Hamburg

Johan Muyle

Galerie Ascan Crone

This exhibition of Johan Muyle’s rotating, blinking, and tinkling works would have fascinated and entertained children. Between the individual works stuffed animals tumbled about, giving the entire scene a macabre atmosphere. A monkey surrounded by ivy extended his arm to beg; two Pomeranians played with each other in a baby carriage. Each work seemed to transport the viewer back to a time of individual mythologies and surrealistic games. A strange combination of devotional objects, sawed-up furniture, and tin cans created this time warp, which, with its tendency toward private mysticism, harkened back to the early ’70s.

Muyle brings objects together that don’t seem to belong together, yet they grow together and fuse.
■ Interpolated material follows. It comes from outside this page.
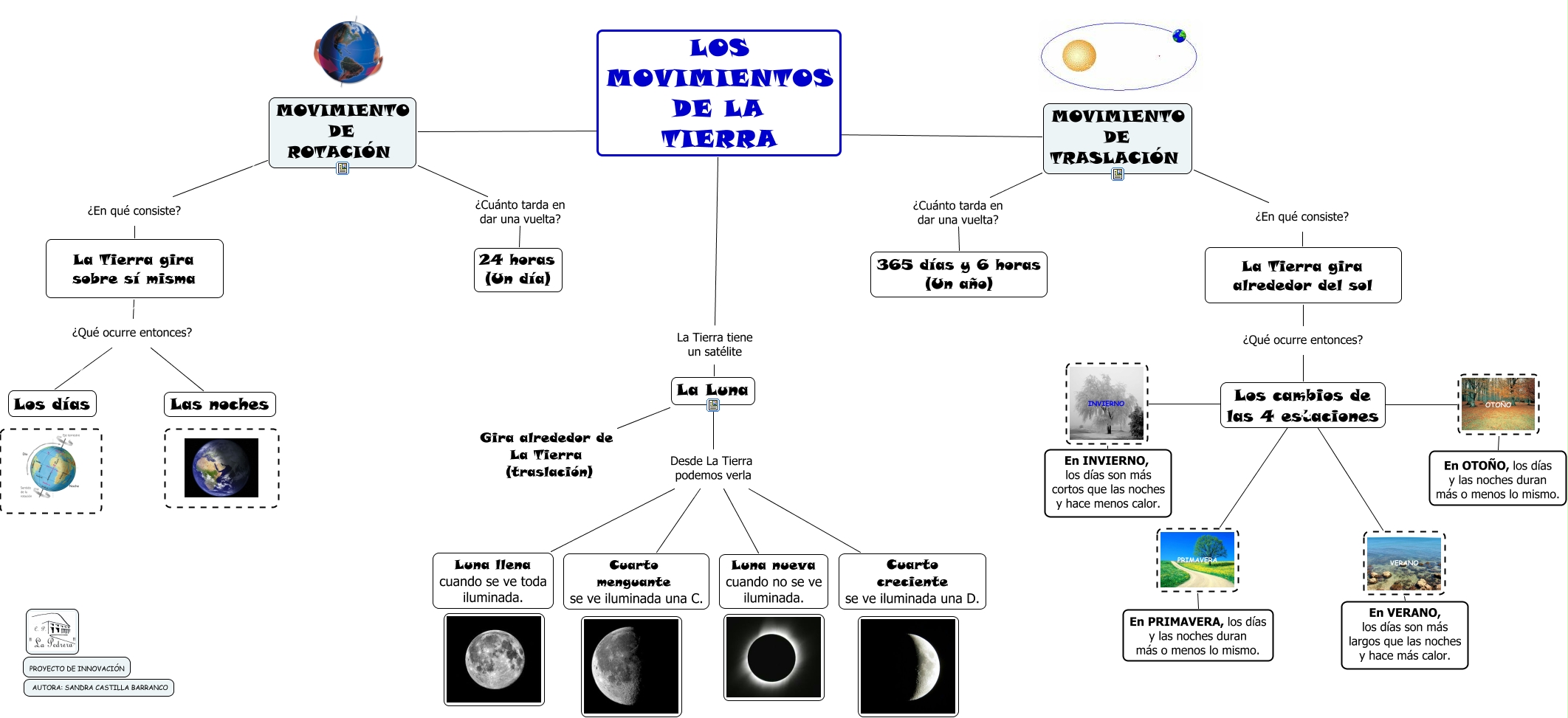 Este Cmap, tiene información relacionada con: LOS MOVIMIENTOS DE LA TIERRA, PRIMAVERA En PRIMAVERA, los días y las noches duran más o menos lo mismo., La Tierra gira sobre sí misma ¿Qué ocurre entonces? Las noches, La Luna Desde La Tierra podemos verla Luna nueva cuando no se ve iluminada., La Luna Desde La Tierra podemos verla Cuarto creciente se ve iluminada una D., OTOÑO En OTOÑO, los días y las noches duran más o menos lo mismo., La Luna Gira alrededor de La Tierra (traslación), La Tierra gira alrededor del sol ¿Qué ocurre entonces? Los cambios de las 4 estaciones, MOVIMIENTO DE ROTACIÓN ¿Cuánto tarda en dar una vuelta? 24 horas (Un día), MOVIMIENTO DE TRASLACIÓN ¿En qué consiste? La Tierra gira alrededor del sol, MOVIMIENTO DE ROTACIÓN ???? LOS MOVIMIENTOS DE LA TIERRA, MOVIMIENTO DE TRASLACIÓN ¿Cuánto tarda en dar una vuelta? 365 días y 6 horas (Un año), INVIERNO En INVIERNO, los días son más cortos que las noches y hace menos calor., La Tierra gira sobre sí misma ¿Qué ocurre entonces? Los días, VERANO En VERANO, los días son más largos que las noches y hace más calor., LOS MOVIMIENTOS DE LA TIERRA La Tierra tiene un satélite La Luna, MOVIMIENTO DE TRASLACIÓN ???? LOS MOVIMIENTOS DE LA TIERRA, La Luna Desde La Tierra podemos verla Luna llena cuando se ve toda iluminada., La Luna Desde La Tierra podemos verla Cuarto menguante se ve iluminada una C., MOVIMIENTO DE ROTACIÓN ¿En qué consiste? La Tierra gira sobre sí misma

Despite this, some of the works have no inner cohesiveness. In Musizierende Gesellschaft (Musical society, 1990), a chair with sawed-off legs on a table with one-half of a clay figure on it, followed by a wire structure and a vase, revealed a near-annihilation of the constituent materials. Additionally the wire structure was heated by electricity, and the warm air it created caused a propeller above the work to rotate. Other works—mostly small devotional statues—also had propellers, still others revealed their mechanical inner life with rotating wheels or slowly turning cylinders. Titles such as Madonne (Madonna, 1990), Enfers (Hell, 1990), Le second Martyre de la Pietà (The second martyrdom of the Pietà, 1987) pun with religion, adding yet another level of speculation to these works.

Entering the gallery, you were greeted by a life-size wax figure. In his hand the figure was pulling a small car with a camera in it, painted upward. It would best be used for shots from underneath. These shots would look up skirts, so to speak, and announce an art that is neither ponderous nor all too serious.

Wolf Jahn

Translated from the German by Charles V. Miller.